What needs to be done |
Please give back, word for word, only the lines starting at the one containing "Add a touch" and ending at the one containing "WONDERFUL ONE STORY" within the material below.

Input material |

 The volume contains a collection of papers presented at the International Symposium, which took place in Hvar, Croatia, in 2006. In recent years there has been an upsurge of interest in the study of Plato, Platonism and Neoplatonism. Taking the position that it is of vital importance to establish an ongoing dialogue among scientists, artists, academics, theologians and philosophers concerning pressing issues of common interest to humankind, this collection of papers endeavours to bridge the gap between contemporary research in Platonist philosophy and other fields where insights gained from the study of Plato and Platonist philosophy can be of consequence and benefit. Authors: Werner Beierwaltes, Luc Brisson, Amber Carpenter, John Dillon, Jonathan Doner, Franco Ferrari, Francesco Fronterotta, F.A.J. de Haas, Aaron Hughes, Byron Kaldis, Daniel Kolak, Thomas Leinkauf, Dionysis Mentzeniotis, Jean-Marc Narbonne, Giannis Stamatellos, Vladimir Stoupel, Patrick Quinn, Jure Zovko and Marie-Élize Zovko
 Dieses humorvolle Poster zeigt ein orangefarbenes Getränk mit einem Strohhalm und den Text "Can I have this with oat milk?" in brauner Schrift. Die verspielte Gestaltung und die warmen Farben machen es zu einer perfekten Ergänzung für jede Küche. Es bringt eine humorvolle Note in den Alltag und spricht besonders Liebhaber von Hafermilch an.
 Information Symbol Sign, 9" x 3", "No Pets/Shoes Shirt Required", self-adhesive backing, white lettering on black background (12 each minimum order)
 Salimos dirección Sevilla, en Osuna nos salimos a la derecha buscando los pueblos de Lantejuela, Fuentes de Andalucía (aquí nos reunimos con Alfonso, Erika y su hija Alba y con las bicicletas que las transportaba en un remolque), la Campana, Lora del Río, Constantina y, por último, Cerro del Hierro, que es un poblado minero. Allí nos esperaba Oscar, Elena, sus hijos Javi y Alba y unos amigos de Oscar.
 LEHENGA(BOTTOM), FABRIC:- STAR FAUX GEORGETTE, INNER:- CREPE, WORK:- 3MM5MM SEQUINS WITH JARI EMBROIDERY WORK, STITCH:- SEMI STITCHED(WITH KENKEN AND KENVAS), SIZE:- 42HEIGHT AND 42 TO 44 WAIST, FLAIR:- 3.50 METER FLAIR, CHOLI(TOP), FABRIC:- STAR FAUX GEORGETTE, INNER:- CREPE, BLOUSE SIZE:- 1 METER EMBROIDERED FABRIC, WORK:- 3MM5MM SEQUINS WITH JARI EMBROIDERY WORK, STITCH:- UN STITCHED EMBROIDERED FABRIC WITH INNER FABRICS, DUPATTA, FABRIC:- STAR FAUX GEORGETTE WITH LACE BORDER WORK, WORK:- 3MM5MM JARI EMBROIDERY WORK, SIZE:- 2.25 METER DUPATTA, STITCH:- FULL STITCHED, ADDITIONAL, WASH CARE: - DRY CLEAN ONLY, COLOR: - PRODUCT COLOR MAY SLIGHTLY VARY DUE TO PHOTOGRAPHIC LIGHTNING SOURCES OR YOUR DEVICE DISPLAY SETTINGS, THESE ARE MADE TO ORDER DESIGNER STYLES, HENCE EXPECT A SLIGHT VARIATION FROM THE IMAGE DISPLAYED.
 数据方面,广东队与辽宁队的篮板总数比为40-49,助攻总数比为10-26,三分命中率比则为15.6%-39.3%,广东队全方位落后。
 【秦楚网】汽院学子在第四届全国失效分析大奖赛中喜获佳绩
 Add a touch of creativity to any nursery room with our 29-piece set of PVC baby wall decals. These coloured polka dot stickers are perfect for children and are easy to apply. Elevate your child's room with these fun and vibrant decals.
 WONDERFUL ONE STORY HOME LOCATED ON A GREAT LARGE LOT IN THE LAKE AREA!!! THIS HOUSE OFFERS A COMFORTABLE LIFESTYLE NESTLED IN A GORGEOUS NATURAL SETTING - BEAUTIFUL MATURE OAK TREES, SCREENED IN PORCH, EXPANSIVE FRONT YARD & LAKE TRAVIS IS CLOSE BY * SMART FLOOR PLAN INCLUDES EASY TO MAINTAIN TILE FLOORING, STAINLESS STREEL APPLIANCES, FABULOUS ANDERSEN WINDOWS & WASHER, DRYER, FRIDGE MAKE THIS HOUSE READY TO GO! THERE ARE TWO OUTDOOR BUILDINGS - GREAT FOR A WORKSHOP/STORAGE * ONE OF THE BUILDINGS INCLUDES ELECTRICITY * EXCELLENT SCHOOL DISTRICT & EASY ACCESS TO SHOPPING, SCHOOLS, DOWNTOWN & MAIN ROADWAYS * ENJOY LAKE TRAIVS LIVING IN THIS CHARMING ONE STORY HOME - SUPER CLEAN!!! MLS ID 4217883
...
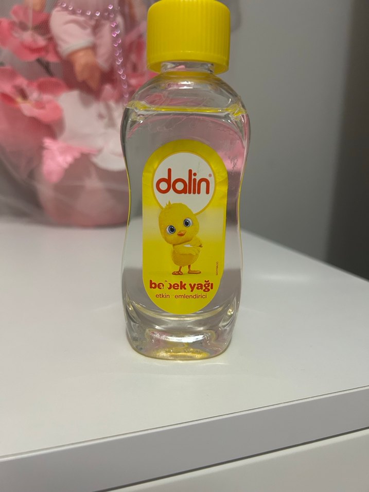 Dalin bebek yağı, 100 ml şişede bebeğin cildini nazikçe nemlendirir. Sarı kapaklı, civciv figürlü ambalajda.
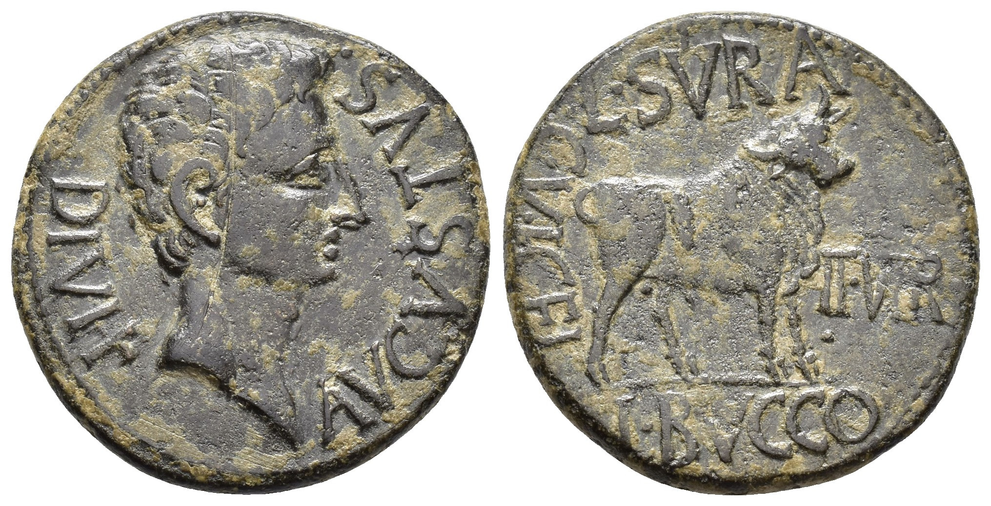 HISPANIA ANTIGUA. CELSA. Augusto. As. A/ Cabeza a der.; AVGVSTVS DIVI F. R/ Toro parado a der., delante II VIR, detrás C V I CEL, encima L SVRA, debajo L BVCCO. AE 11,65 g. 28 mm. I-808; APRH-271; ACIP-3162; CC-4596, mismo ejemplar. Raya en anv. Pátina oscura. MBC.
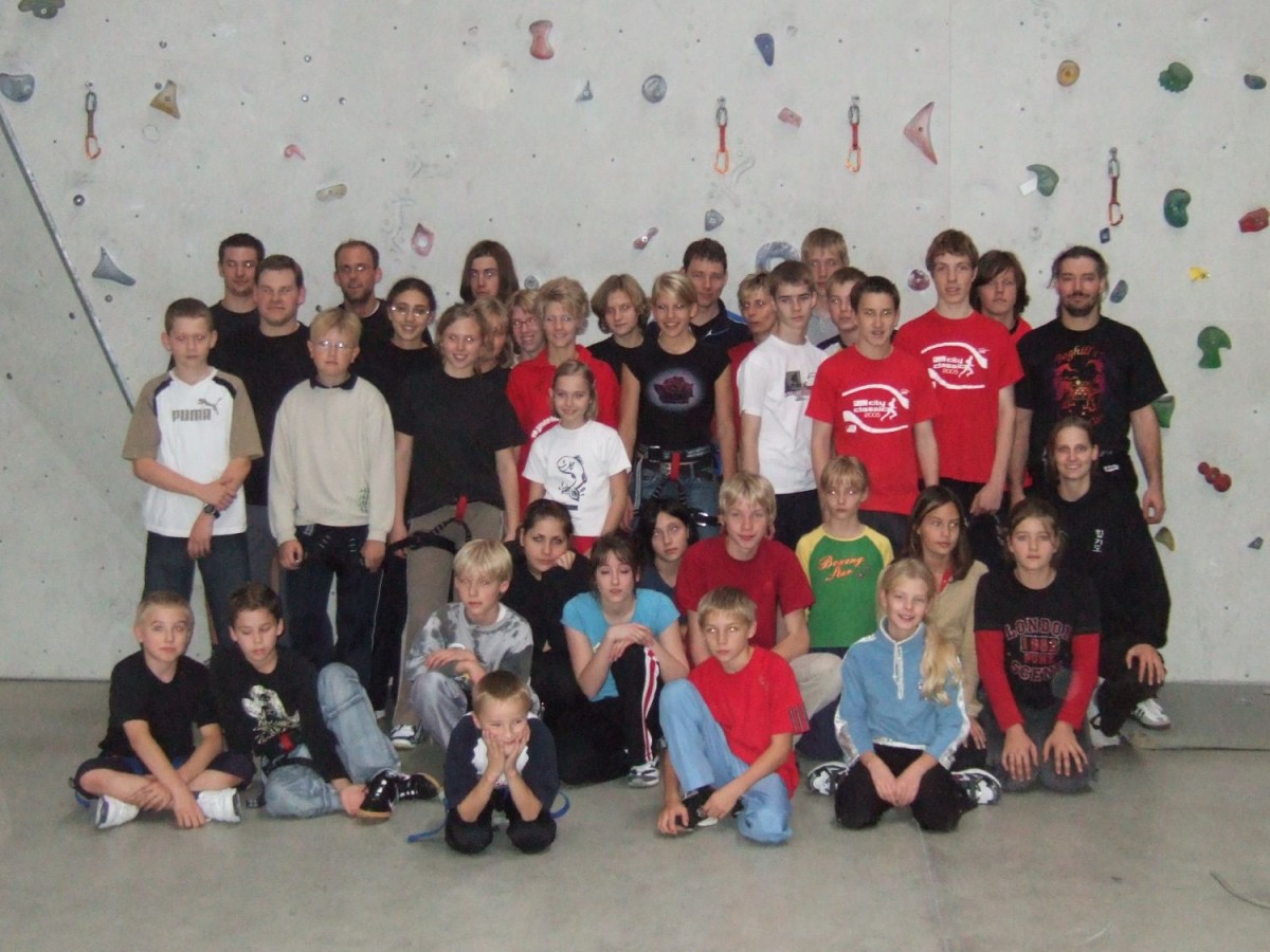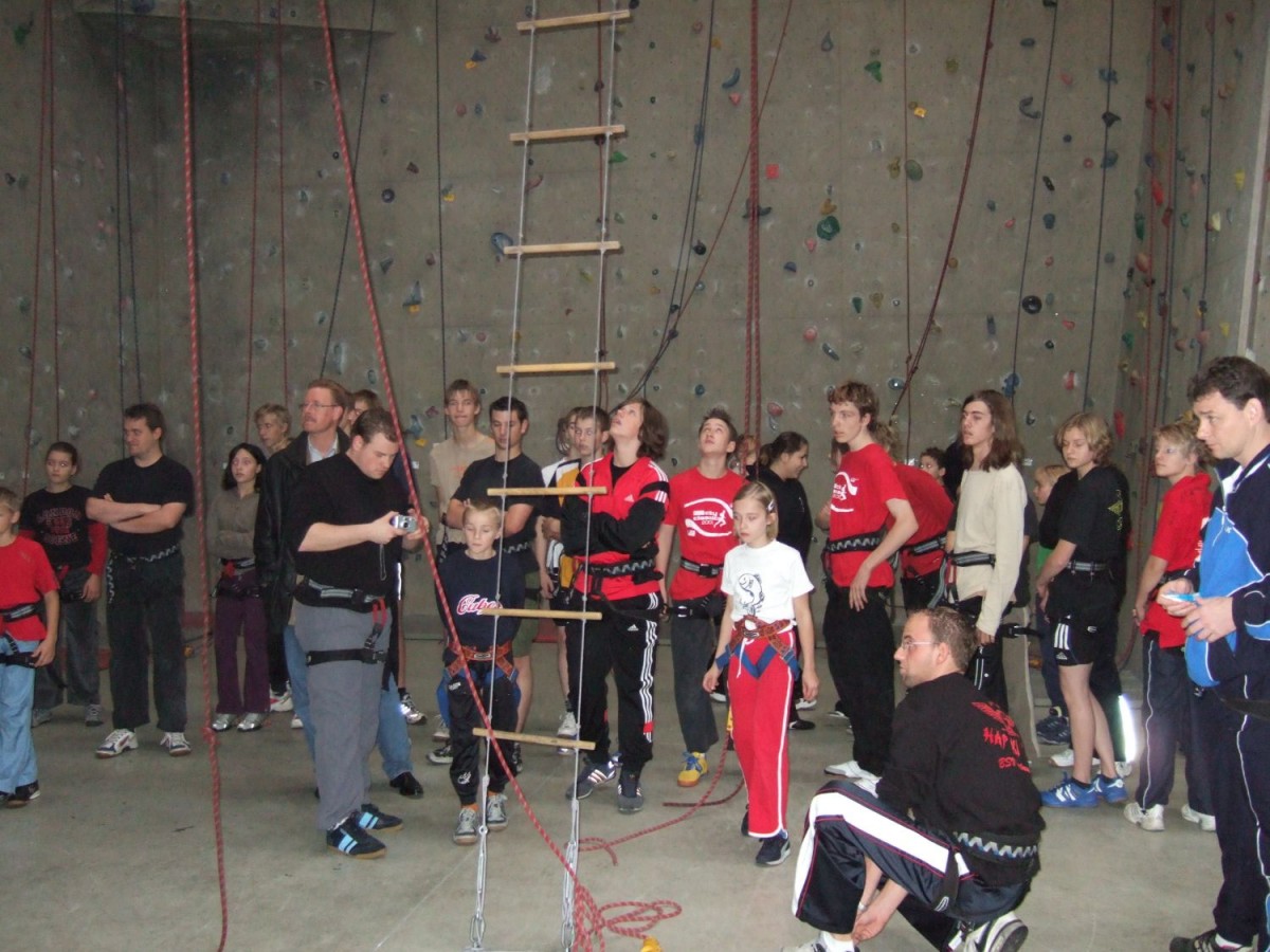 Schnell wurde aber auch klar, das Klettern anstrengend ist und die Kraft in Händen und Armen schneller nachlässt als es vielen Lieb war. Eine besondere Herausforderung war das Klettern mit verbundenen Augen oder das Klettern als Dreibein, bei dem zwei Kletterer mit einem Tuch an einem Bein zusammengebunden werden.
--
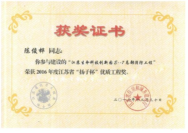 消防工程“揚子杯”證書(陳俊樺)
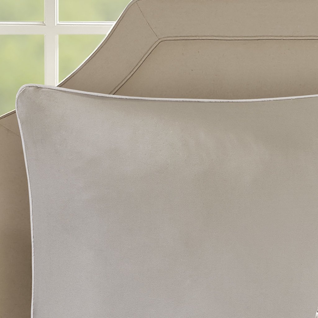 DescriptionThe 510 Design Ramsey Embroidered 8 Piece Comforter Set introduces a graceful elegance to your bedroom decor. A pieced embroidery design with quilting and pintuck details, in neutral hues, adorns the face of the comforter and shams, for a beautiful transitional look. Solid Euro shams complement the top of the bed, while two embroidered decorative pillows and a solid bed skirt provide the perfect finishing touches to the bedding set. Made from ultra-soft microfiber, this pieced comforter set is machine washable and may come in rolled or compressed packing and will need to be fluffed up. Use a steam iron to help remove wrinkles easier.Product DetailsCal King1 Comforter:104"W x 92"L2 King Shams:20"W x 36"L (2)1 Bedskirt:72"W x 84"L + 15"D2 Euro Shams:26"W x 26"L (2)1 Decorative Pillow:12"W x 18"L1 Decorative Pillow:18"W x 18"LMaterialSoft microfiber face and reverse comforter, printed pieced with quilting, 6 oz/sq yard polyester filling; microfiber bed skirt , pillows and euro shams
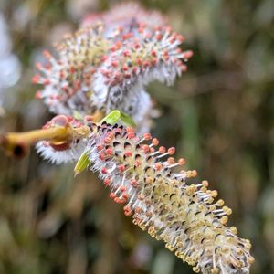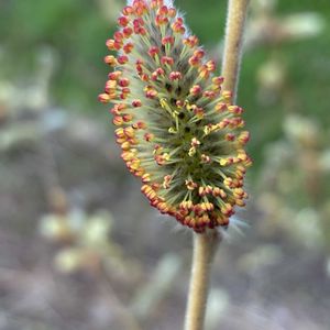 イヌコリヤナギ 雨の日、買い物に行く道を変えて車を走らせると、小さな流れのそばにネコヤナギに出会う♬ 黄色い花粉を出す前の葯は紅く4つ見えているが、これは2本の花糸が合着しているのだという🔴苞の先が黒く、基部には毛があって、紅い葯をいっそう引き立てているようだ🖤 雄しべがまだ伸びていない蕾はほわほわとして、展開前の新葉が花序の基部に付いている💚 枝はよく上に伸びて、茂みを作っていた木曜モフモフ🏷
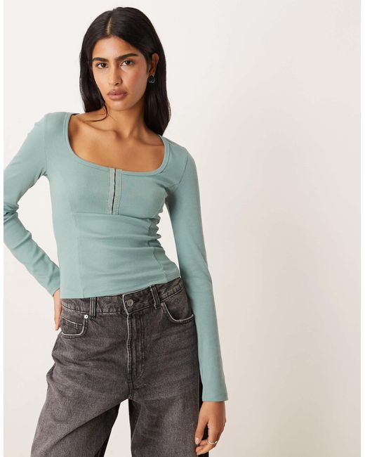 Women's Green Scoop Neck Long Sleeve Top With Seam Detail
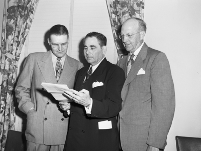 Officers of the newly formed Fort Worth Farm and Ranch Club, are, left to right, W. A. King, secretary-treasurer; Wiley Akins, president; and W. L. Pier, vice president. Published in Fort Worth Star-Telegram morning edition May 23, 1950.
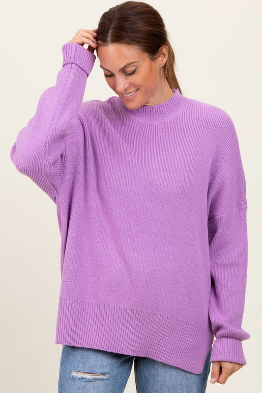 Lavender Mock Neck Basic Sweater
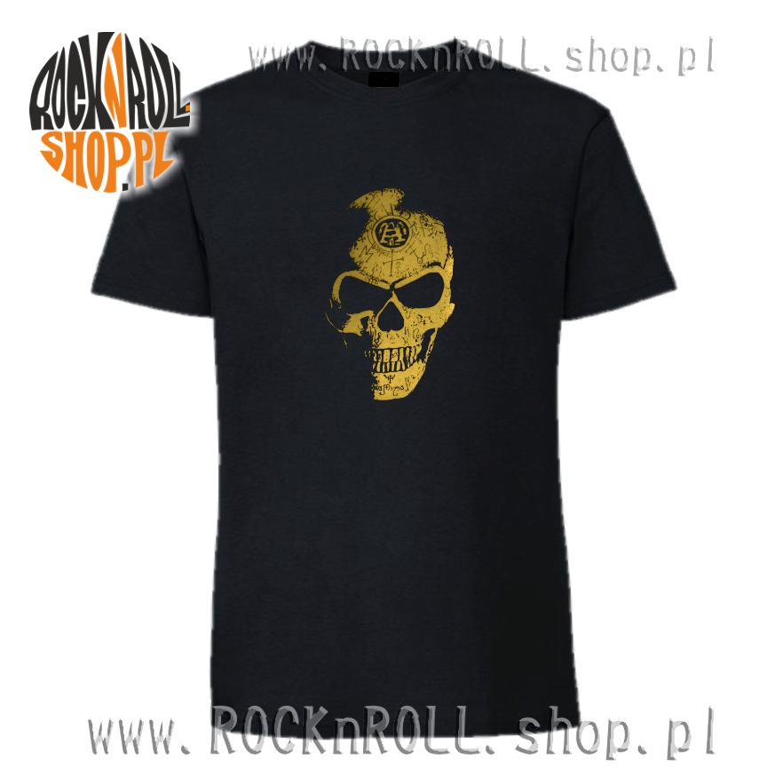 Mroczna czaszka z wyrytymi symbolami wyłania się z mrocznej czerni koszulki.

Result for this task |
 Add a touch of creativity to any nursery room with our 29-piece set of PVC baby wall decals. These coloured polka dot stickers are perfect for children and are easy to apply. Elevate your child's room with these fun and vibrant decals.
 WONDERFUL ONE STORY HOME LOCATED ON A GREAT LARGE LOT IN THE LAKE AREA!!! THIS HOUSE OFFERS A COMFORTABLE LIFESTYLE NESTLED IN A GORGEOUS NATURAL SETTING - BEAUTIFUL MATURE OAK TREES, SCREENED IN PORCH, EXPANSIVE FRONT YARD & LAKE TRAVIS IS CLOSE BY * SMART FLOOR PLAN INCLUDES EASY TO MAINTAIN TILE FLOORING, STAINLESS STREEL APPLIANCES, FABULOUS ANDERSEN WINDOWS & WASHER, DRYER, FRIDGE MAKE THIS HOUSE READY TO GO! THERE ARE TWO OUTDOOR BUILDINGS - GREAT FOR A WORKSHOP/STORAGE * ONE OF THE BUILDINGS INCLUDES ELECTRICITY * EXCELLENT SCHOOL DISTRICT & EASY ACCESS TO SHOPPING, SCHOOLS, DOWNTOWN & MAIN ROADWAYS * ENJOY LAKE TRAIVS LIVING IN THIS CHARMING ONE STORY HOME - SUPER CLEAN!!! MLS ID 4217883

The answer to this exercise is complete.